Art. 5.º El Rey podrá someter directamente al pueblo una opción política de interés nacional, sea o no de carácter constitucional, para que decida mediante referéndum, cuyos resultados impondrán a todos los órganos del Estado.
Si el objeto de la consulta se refiriera a materia de competencia de las Cortes y éstas no tomaran la decisión correspondiente de acuerdo con el resultado del referéndum, quedarán disueltas, procediéndose a la convocatoria nuevas elecciones.
DISPOSICIONES TRANSITORIAS
Primera. El Gobierno regulará las primeras elecciones a Cortes para constituir un Congreso de trescientos cincuenta Diputados y elegir doscientos siete Senadores a razón de cuatro por provincia y uno más por cada provincia insular, dos por Ceuta y dos por Melilla. Los Senadores serán elegidos por sufragio universal, directo y secreto de los españoles mayores de edad que residan en el respectivo territorio.
Las elecciones al Congreso se inspirarán en criterios de representación proporcional, conforme a las siguientes bases:
Primera. Se aplicarán dispositivos correctores para evitar fragmentaciones inconvenientes de la Cámara, a cuyo efecto se fijarán porcentajes mínimos de sufragios para acceder al Congreso.
Segunda. La circunscripción electoral será la provincia, fijándose un número mínimo inicial de Diputados para cada una de ellas.
Las elecciones al Senado se inspirarán en criterios de escrutinio mayoritario.
Segunda. Una vez constituidas las nuevas Cortes:
Uno. Una Comisión compuesta por los Presidentes de las Cortes, del Congreso de Diputados y del Senado, por cuatro Diputados elegidos por el Congreso y por cuatro Senadores elegidos por el Senado, asumirá las funciones que el artículo 13 de la Ley de Cortes encomienda a la Comisión que en él se menciona.

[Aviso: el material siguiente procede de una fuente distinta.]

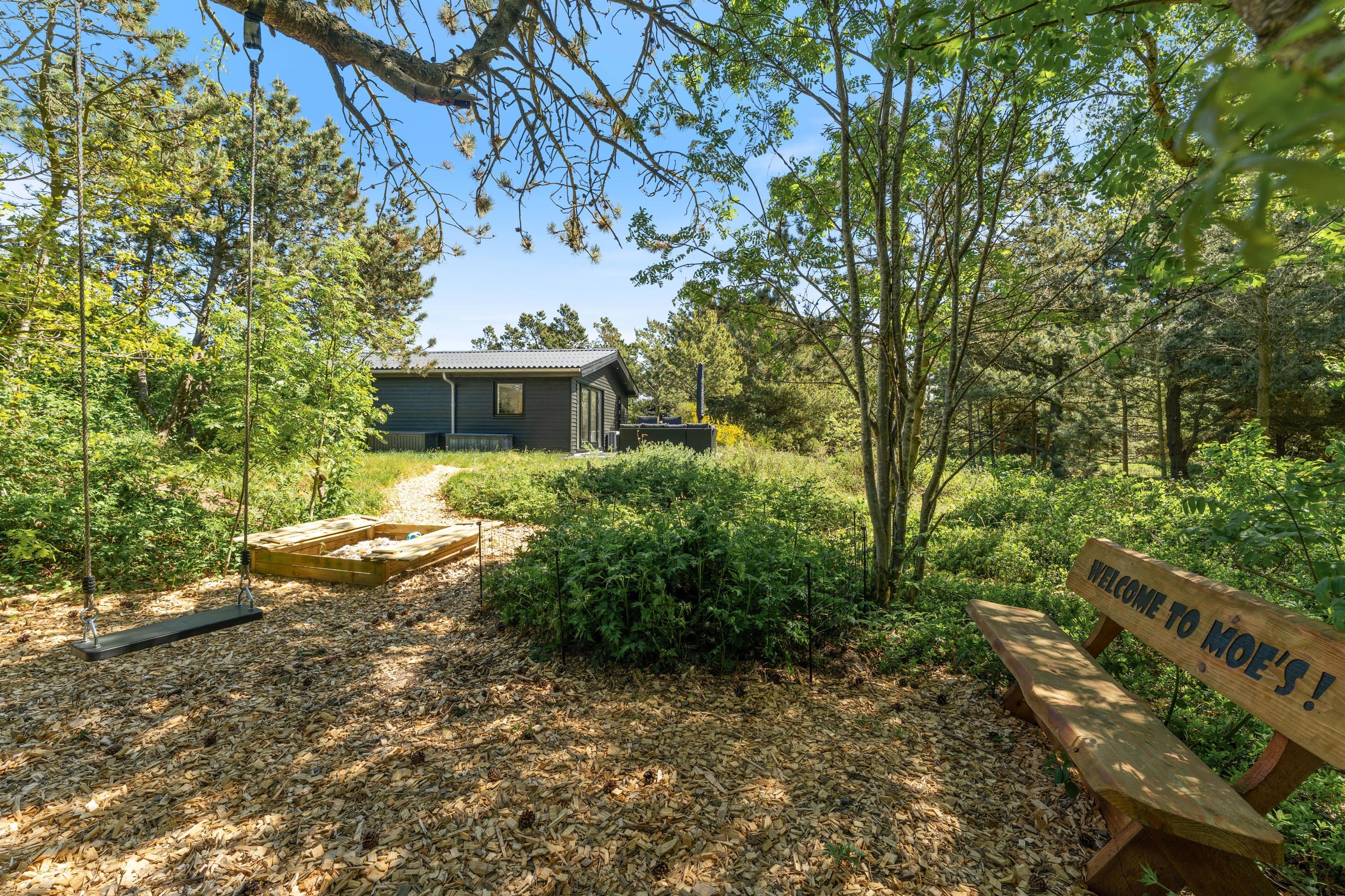 The holiday home at Bjerregårdsvej 69 sits on approximately 1,500 square metres of natural grounds, providing plenty of space for play and outdoor relaxation. While you unwind with a refreshing drink on the partially screened terrace, children can enjoy the sandbox, swings, or explore the grounds. The terrace is furnished with comfortable garden furniture and sun loungers.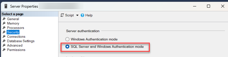 - Select 'SQL Server and Windows Authentication Mode' - Click OK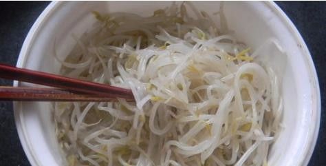 5.豆芽入开水锅中烫熟捞起用色拉油和盐拌匀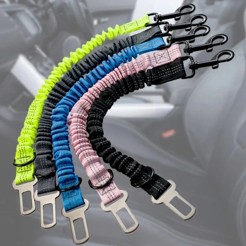 Cinturón de seguridad de coche para perros y gatos, correa de vehículo con amortiguación ajustable, cuerda de seguridad reflectante elástica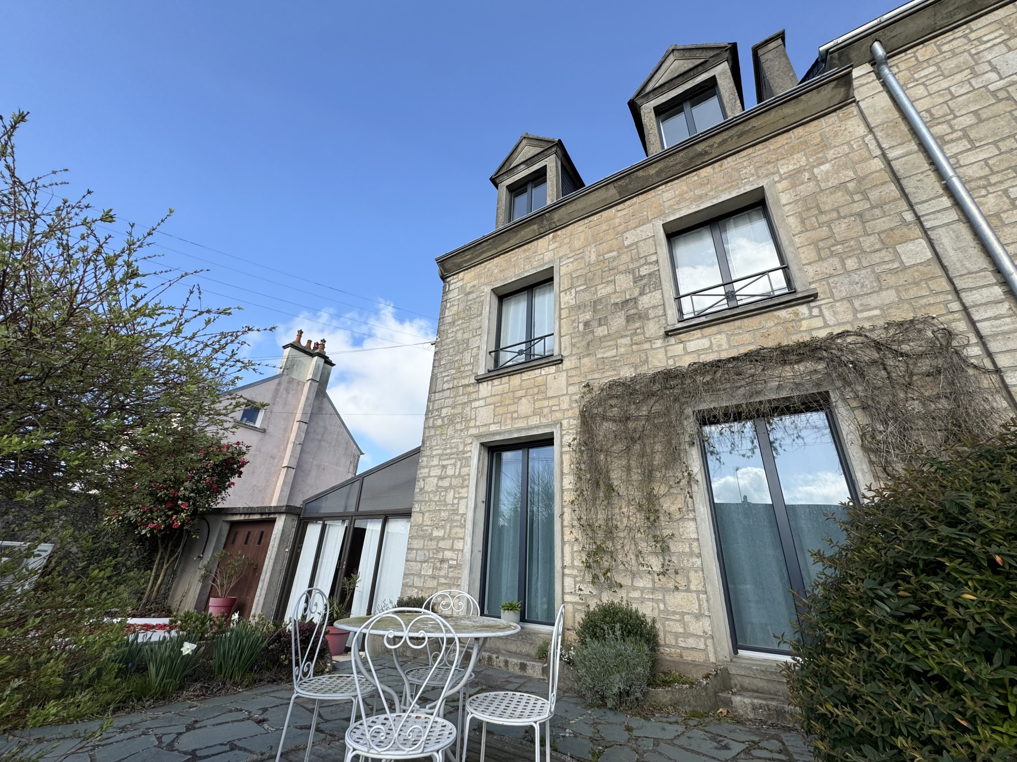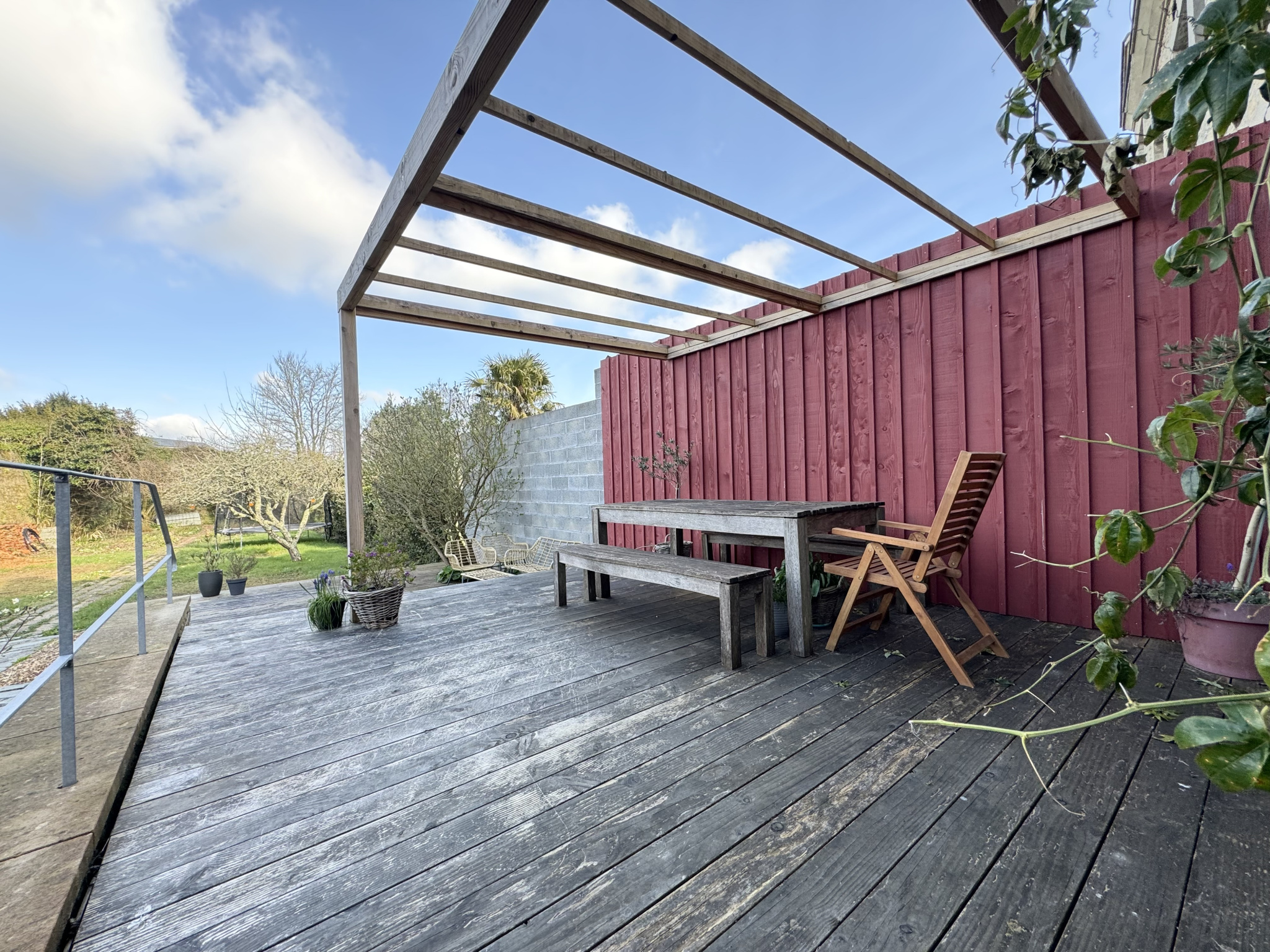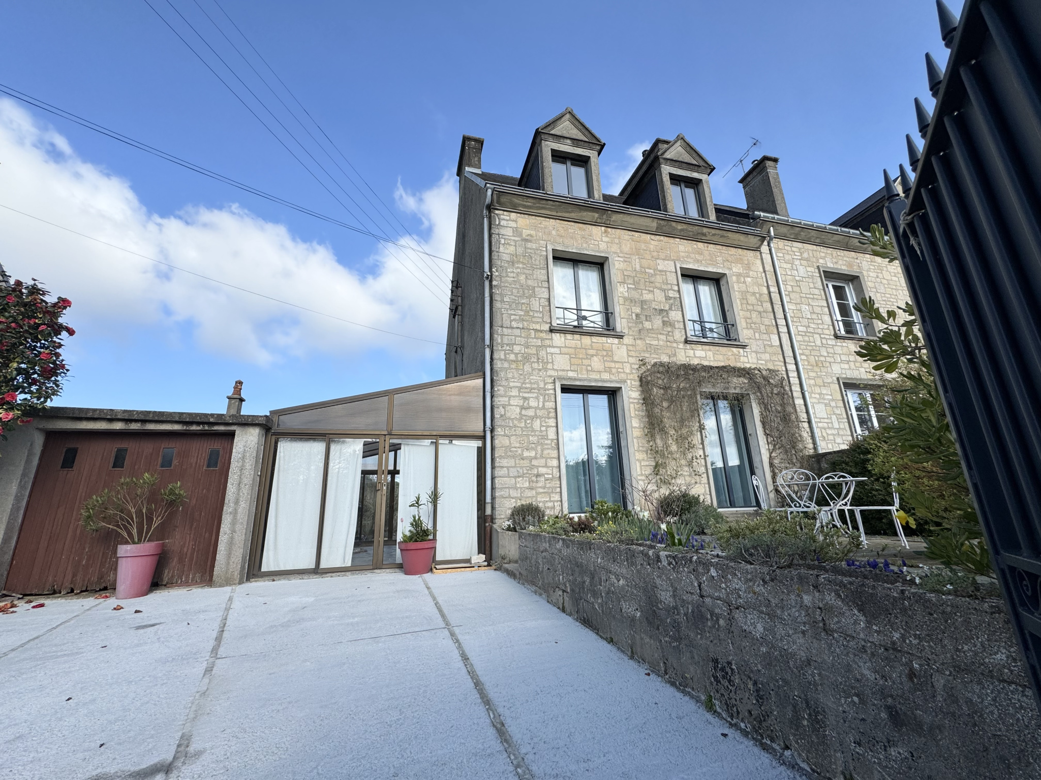 - Une grande véranda fait la jonction entre l'entrée de la maison et le garage.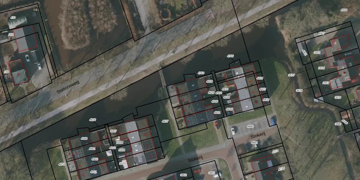 Stokerij 55 is gelegen op kadastraal perceel GRD00C4928. Deze kadastrale aanduiding is uniek en wordt gebruikt door het Kadaster om eigendomsrechten en andere zakelijke rechten vast te leggen. Het perceel maakt onderdeel uit van de kadastrale gemeente Gorredijk.

Dos. Cada Cámara constituirá una Comisión que asuma las demás funciones encomendadas a la Comisión prevista en el artículo 12 de la Ley de Cortes.
Tres. Cada Cámara elegirá de entre sus miembros cinco Consejeros del Reino para cubrir las vacantes producidas por el cese de los actuales Consejeros electivos.
Tercera. Desde la constitución de las nuevas Cortes y hasta que cada Cámara establezca su propio Reglamento se regirán por el de las actuales Cortes en lo que no esté en contradicción con la presente Ley, sin perjuicio de la facultad de acordar, de un modo inmediato, las modificaciones parciales que resulten necesarias o se estime convenientes.
DISPOSICION FINAL
La presente Ley tendrá rango de Ley Fundamental.
Dada en Madrid a cuatro de enero de mil novecientos setenta y seis.—Juan Carlos.—El Presidente de las Cortes Españolas, Torcuato Fernández-Miranda y Hevia.